Ecosyste.ms: Awesome

An open API service indexing awesome lists of open source software.

Awesome Lists | Featured Topics | Projects

https://github.com/bigdatagenomics/eggo

Ready-to-go Parquet-formatted public 'omics datasets
https://github.com/bigdatagenomics/eggo

Last synced: 2 months ago
JSON representation

Ready-to-go Parquet-formatted public 'omics datasets

Awesome Lists containing this project

README

        

# `eggo`

Eggo is two things:

1. CLI for easily provisioning fully-functioning Hadoop clusters (CDH) using
Cloudera Director

2. A set of Parquet-formatted public 'omics data sets in S3 for easily
performing integrative genomics on the Hadoop stack (including Spark and
Impala).

Eggo includes all the of scripts for processing the data, including the
necessary DDL statements to register the data sets with the Hive Metastore and
make them accessible to Hive/Impala.

At the moment, Eggo is geared specifically towards scaling up variant stores
and related functionality (e.g., population genomics, clinical genomics)

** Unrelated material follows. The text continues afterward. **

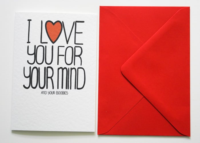 Greeting on front:I LOVE YOU FOR YOUR MIND AND YOUR BOOBIES
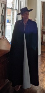 Then there’s the last weekend of September, which is NorCon. I have ordered a craptonne more books because it’s over two days. Yikes. I’m hoping that people will buy the small ones on the first day, read them and then come back to buy more! Well … I can dream. Also, THE CLOAK has arrived and it’s really rather splendid. Yep. I think we can say that it is good. I took a quick pic this afternoon but I need the full costume on to do it justice.

The pre-converted data sets are hosted at a publicly available S3 bucket:

```
s3://bdg-eggo
```

See the `datasets/` directory for a list of available data sets (with metadata
conforming to the [DataPackage spec](http://dataprotocols.org/data-packages/)).

## Getting started

```
pip install git+https://github.com/bigdatagenomics/eggo.git
```

Eggo makes use of [Fabric](http://www.fabfile.org/),
[Boto](https://boto.readthedocs.org/), and [Click](http://click.pocoo.org/).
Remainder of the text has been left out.